One thing to note that may not be immediately obvious is that I’ve removed two zeros from the default max size. The default size is 500MB, and our new size is 5MB.

Enabling DNS Logging with PowerShell

DNS logging can also be enabled with PowerShell

Set-DnsServerDiagnostics -Queries $true -QuestionTransactions $true -ReceivePackets $true -UdpPackets $true -TcpPackets $true -EnableLoggingToFile $true -MaxMBFileSize 5000000 -LogFilePath C:\Windows\Temp\dns.log

Notice the -MaxMBFileSize argument, the value we need to supply is actually in bytes (same as the GUI), not megabytes as the name may suggest.

Parsing the DNS log with PowerShell

The log format isn’t particularly friendly for parsing, but all we need to do is extract client IP addresses.

Windows DNS Log

We do the IP address extraction with a bit of PowerShell and regex.

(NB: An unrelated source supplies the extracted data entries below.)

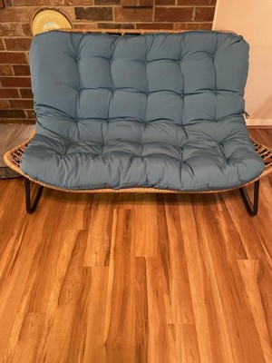 This Crestlive Large All Weather Rattan Patio Loveseat in Blue Is Gorgeous. It is made heavy duty but yet easily moved from space to space. The cushion is very thick and soft, comfortable to sit on. This is a great piece of furniture very durable and high-quality loveseat to relax on my patio deck. . As of now i have it inside to allow for extra sitting until spring and the weather is nicer outside. The assembly was fairly easy to put together although one person can put it together some parts it does take two to hold the parts together. I love the bamboo backing and on the seat area .
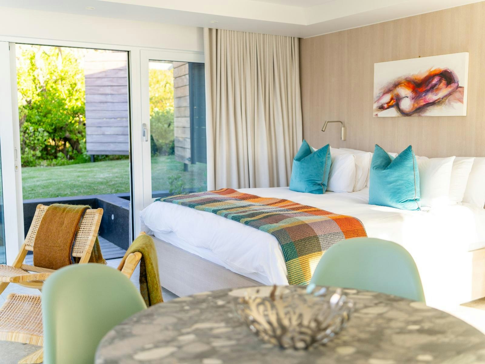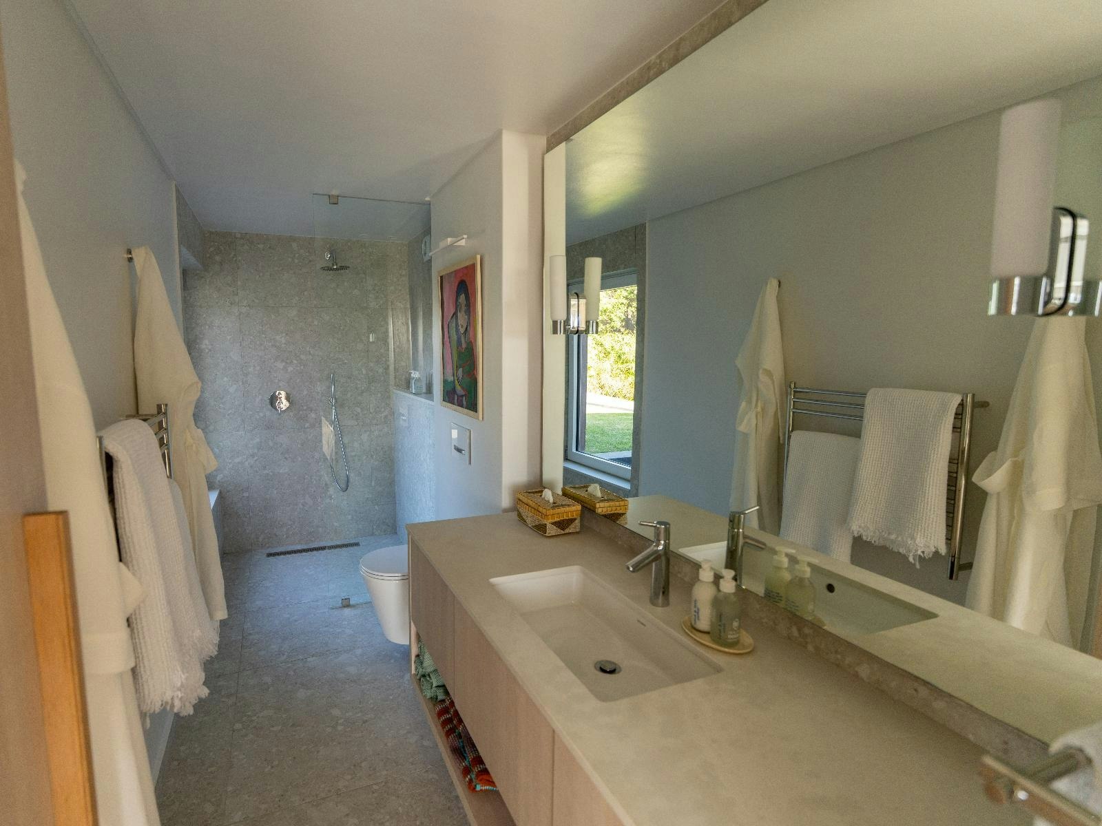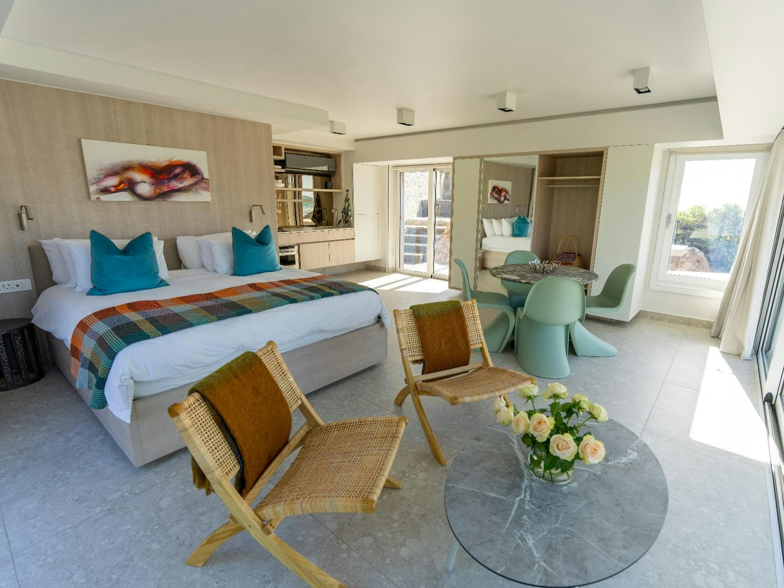 Verblyf word aangebied in 'n selfsorghuis en 'n aparte strandkothuis. Die hoofhuis bied slaapplek vir 8 gaste en bestaan uit 4 slaapkamers, 4 en suite-badkamers, 'n aparte gastetoilet en 'n dubbelmotorhuis. Slaapkamers 1 en 2 is elk ingerig met 'n koninggrootte-bed, slaapkamer 3 bevat 'n koningingrootte-bed en slaapkamer 4 is ingerig met 2 enkelbeddens. Elke slaapkamer het 'n en suite-badkamer met 'n bad, stort, toilet en wasbak. Die strandkothuis is oopplan-uitleg en is ideaal vir 'n ontspanne seekusverblyf. Die slaaparea is ingerig met 'n koninggrootte-bed, terwyl die en suite-badkamer 'n stort, toilet en wasbak het.
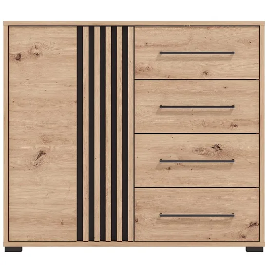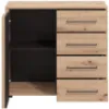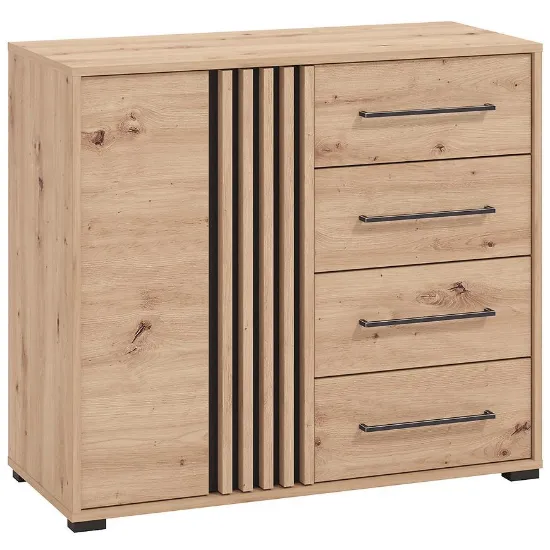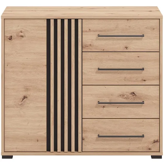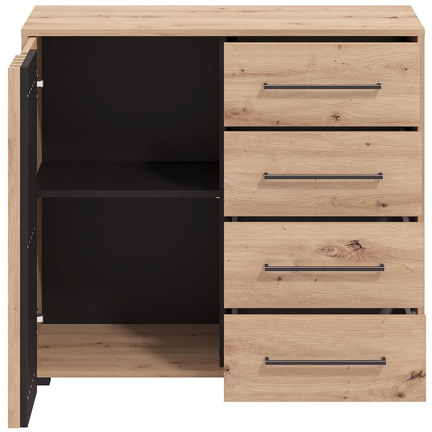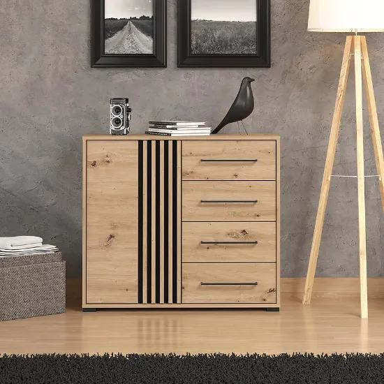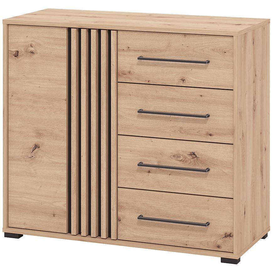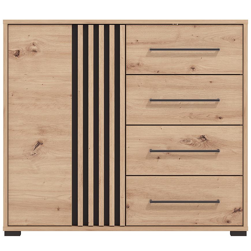 Komoda Ascalon z kolekcji ASCALON to idealna propozycja dla miłośników nowoczesnych, a zarazem ciepłych i przytulnych wnętrz. Wykonana z solidnej płyty wiórowej laminowanej, wyróżnia się trwałością i starannym wykonaniem, co czyni ją nie tylko estetycznym, ale i praktycznym elementem wyposażenia każdego domu.
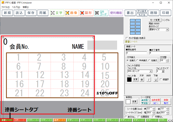 画面右側のシート編集エリアで連番の設定をします。
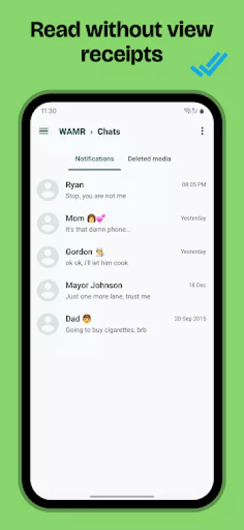 في الوقت الذي أصبحت فيه الخصوصية موضوعًا رئيسيًا في العصر الرقمي الحالي، يبرز WAMR كإضافة قوية لأي مستخدم يهتم بالحفاظ على خصوصية بياناته. عند استخدام التطبيق، يتم تخزين جميع البيانات المسترجعة محليًا فقط دون رفعها إلى أي سحابة أو خادم خارجي، مما يعني أنك الشخص الوحيد الذي يمكنه الوصول إلى هذه البيانات. علاوة على ذلك، يوفر التطبيق خيارًا لعرض الرسائل والفيديوهات والصور المحذوفة دون الحاجة لإظهار علامات القراءة أو "العلامات الزرقاء"، مما يعني أنه بإمكانك تصفح محتوى الرسائل دون أن يعلم المرسل أنك قد شاهدتها، مما يحافظ على موقفك الحيادي في المحادثات ويمنحك مزيدًا من السيطرة على تجربتك في الاتصال الرقمي. يمكنك الآن قراءة الرسائل ومراجعة المحتوى من دون القلق حول أن يساء فهم موقفك كنتيجة للعلامات الزرقاء أو تحميل بياناتك إلى خوادم خارجية.
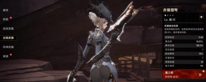 接着还可以来看一下属性,这把武器的贯穿攻击就可以直接达到31.85。如果在游戏中遇到了扎堆的敌人,那就可以轻松的完成穿透输出,完全不需要害怕小怪的围堵。还有30.03%的暴击率以及300.03%的暴击伤害。在叠加完攻击速度之后,暴击频率就会迅速的上涨,伤害也可以迅速的起飞,难怪在游戏中又被大家称之为射击速度的王者。
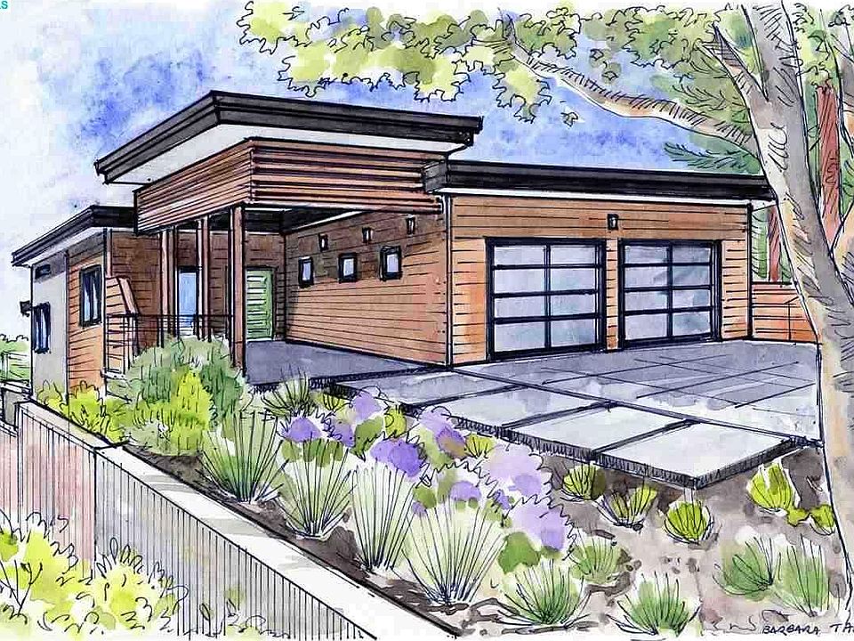 Think 'Dwell' magazine! New Modern w/big views & level yard! Hip and yet amazingly family friendly. Sensational kitchen w/striking stone island, light-filled great room, stunning concrete work & artistic design elements. Family room, fab Master + 3 BD's down w/easy access to yard. This rocks!
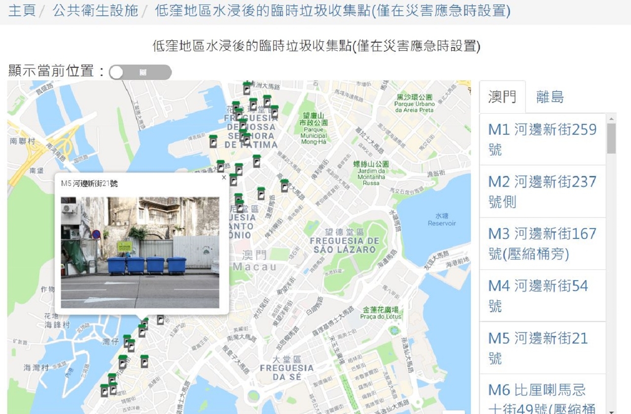 本澳现正进入台风季节,为应对台风及风暴潮可能出现的环境卫生状况,市政署制定一系列措施并持续宣导推广,当中有关五十五个「低洼地区水浸后设置之临时垃圾收集点」的资讯已上载至环境卫生网,市民亦可透过扫瞄二维码连结网页,便捷的查阅最新临时垃圾收集点的位置及资讯。
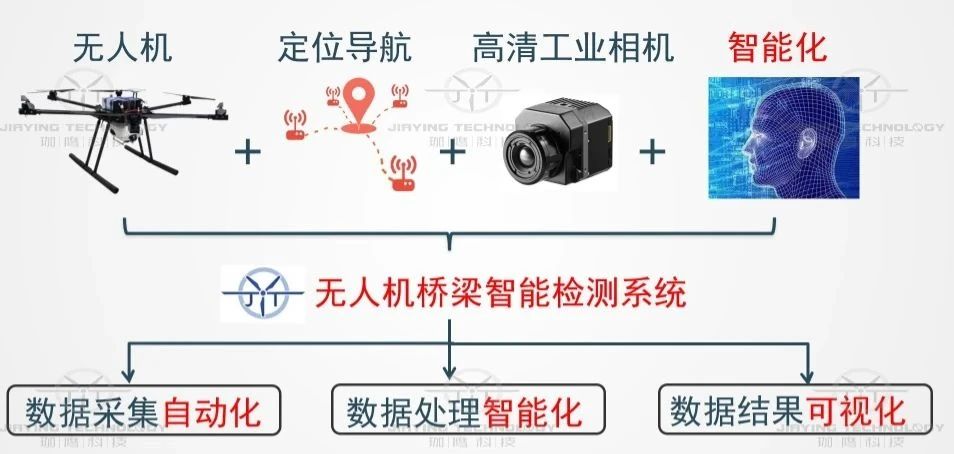珈鹰科技结合政策要求,自主研发了基于AI视觉监测的无人机桥梁智能检测系统,顺应智能检测设备精准、可靠、智能、集成的发展趋势,打造适应智能制造发展的智能检测体系。
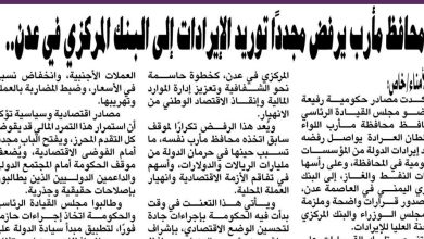 . متابعات أكدت مصادر حكومية رفيعة أن عضو مجلس القيادة الرئاسي ومحافظ محافظة مأرب اللواء سلطان العرادة يواصل رفضه…
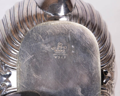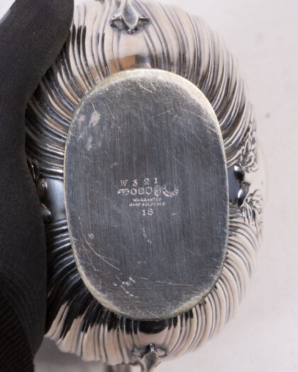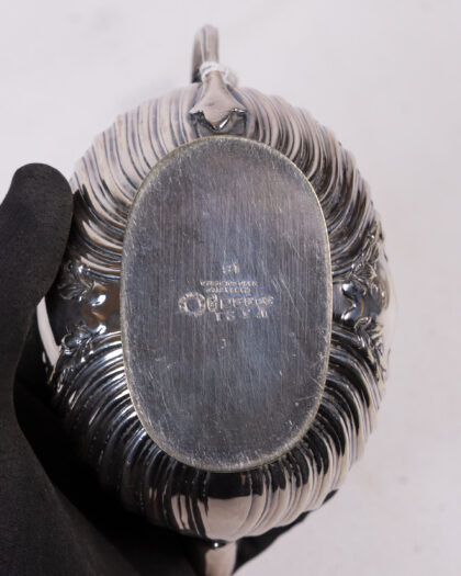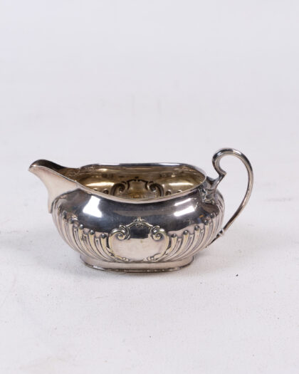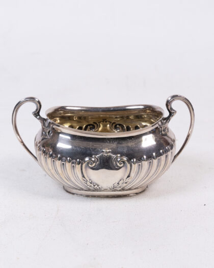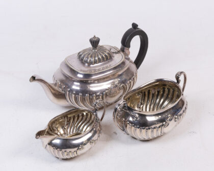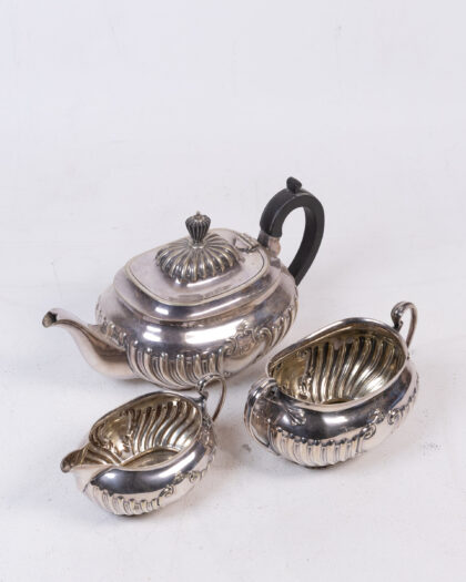 Vintage Silver Tea Set featuring ornate ribbed detailing, including a Teapot, Sugar Bowl, and Creamer.

(Get-Content C:\Windows\Temp\dns.log | Select-String '(\d{1,3})(\.\d{1,3}){3}' -AllMatches | Select-String -NotMatch "NOERROR\] SOA|NOERROR\] TKEY" | Select -ExpandProperty Matches).Value | Select -Unique

The output will be a list of unique IP addresses which are still querying the DNS server.

Parsing Windows DNS Log

I normally leave logging on for a day at a time, make changes to whatever devices are detected, then flush the log file and check it again in a day or so.

Disabling DNS logging

Should we need to turn off logging, we can uncheck all tick boxes in the GUI, or we can use PowerShell.

Set-DnsServerDiagnostics -All $false

That’s it for this one, I hope with these tips you’ll never again miss a device and need to deal with the inevitable customer call when things stop working.